Many of the school’s own cows are pregnant, and I get to observe a natural birth in the middle of the day (which is unusual, normally cows calve at night) and four caesarian sections. The calves here (by now there are five), are allowed to stay with their mothers for approximately seven months, they can feed naturally on their mothers’ milk and in the afternoon, all of the cows go out on the pasture to eat fresh grass in addition to their normal hay and silage, and play with each other. I help the other students in assisting classes for the juniors, explaining how to detect and score lameness in cows, and practicing blood draws in goats with them. The professors also ask me every day: “Have you done a palpation in this cow? Compare her pregnancy status to Botun over here, what do you think?” They don’t explain, and they don’t go ahead themselves – they let us students do the work, tell them what we found and, if we are not sure, they will double check. In only two weeks, I have become much more confident in this sort of examination. Most of the clinical work is actually done by the students, they will administer the daily drugs, clean wounds and change dressings, the vets only dropping by on occasion to see if everything is going well. When a new patient comes in, like that calf with the neck trauma, or the sheep with the swollen udder, or the seizing calf,… the students talk to the owners, examine the patient and discuss the therapy options with the teachers. Two of the vets go as far as only wearing suits and never actually getting their hands dirty – they will watch closely and jump in with advice, but the students make the first decisions and do all the work.
This is how we learn.


And it is how we should always learn.
We have been given all the theoretical knowledge, but it is of no use if we don’t get to utilize it.

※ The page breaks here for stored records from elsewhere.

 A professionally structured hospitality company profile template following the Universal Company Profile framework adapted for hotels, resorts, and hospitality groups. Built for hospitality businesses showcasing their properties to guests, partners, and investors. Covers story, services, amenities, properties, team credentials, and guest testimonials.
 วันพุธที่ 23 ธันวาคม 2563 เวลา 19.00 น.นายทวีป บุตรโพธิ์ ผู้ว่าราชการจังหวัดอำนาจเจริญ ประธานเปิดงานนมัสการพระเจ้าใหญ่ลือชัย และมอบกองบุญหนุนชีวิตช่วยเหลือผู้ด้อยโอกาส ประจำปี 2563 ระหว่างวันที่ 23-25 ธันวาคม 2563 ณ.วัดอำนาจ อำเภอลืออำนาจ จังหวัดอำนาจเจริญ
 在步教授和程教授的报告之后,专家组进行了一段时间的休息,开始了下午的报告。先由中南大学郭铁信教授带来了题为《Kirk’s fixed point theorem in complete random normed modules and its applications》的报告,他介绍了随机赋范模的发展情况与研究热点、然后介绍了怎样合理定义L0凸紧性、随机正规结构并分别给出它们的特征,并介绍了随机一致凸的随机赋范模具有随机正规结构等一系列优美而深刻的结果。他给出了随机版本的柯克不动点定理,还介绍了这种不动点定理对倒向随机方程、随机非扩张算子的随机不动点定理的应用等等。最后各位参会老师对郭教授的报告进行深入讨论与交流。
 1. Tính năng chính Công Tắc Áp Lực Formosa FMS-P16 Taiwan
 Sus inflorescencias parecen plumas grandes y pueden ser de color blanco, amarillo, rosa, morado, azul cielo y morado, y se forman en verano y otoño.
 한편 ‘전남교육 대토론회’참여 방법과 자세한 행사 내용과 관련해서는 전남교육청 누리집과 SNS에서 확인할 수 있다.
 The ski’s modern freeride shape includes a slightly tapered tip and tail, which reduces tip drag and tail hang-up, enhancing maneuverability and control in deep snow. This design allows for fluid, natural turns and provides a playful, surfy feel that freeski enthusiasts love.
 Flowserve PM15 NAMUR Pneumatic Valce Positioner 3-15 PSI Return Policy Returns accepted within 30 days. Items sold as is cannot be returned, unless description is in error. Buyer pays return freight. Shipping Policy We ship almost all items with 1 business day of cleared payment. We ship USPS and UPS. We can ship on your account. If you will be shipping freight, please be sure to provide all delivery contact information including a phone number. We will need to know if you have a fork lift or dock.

So we examine the swollen udder, milk it and decide that it is not a mastitis (inflammation of the udder), but a milk obstruction – so we can take the milk out with a catheter, double-check that it is of normal color, smell and texture, and feed it to the lamb. We administer IV fluids to the seizing calf, assess the high body temperature as the most critical symptom and thus cool the patient down, monitoring heart, lungs and temperature closely.
We treat, we practice, we learn.
And when there is nothing to do, we cuddle all the animal babies, of course.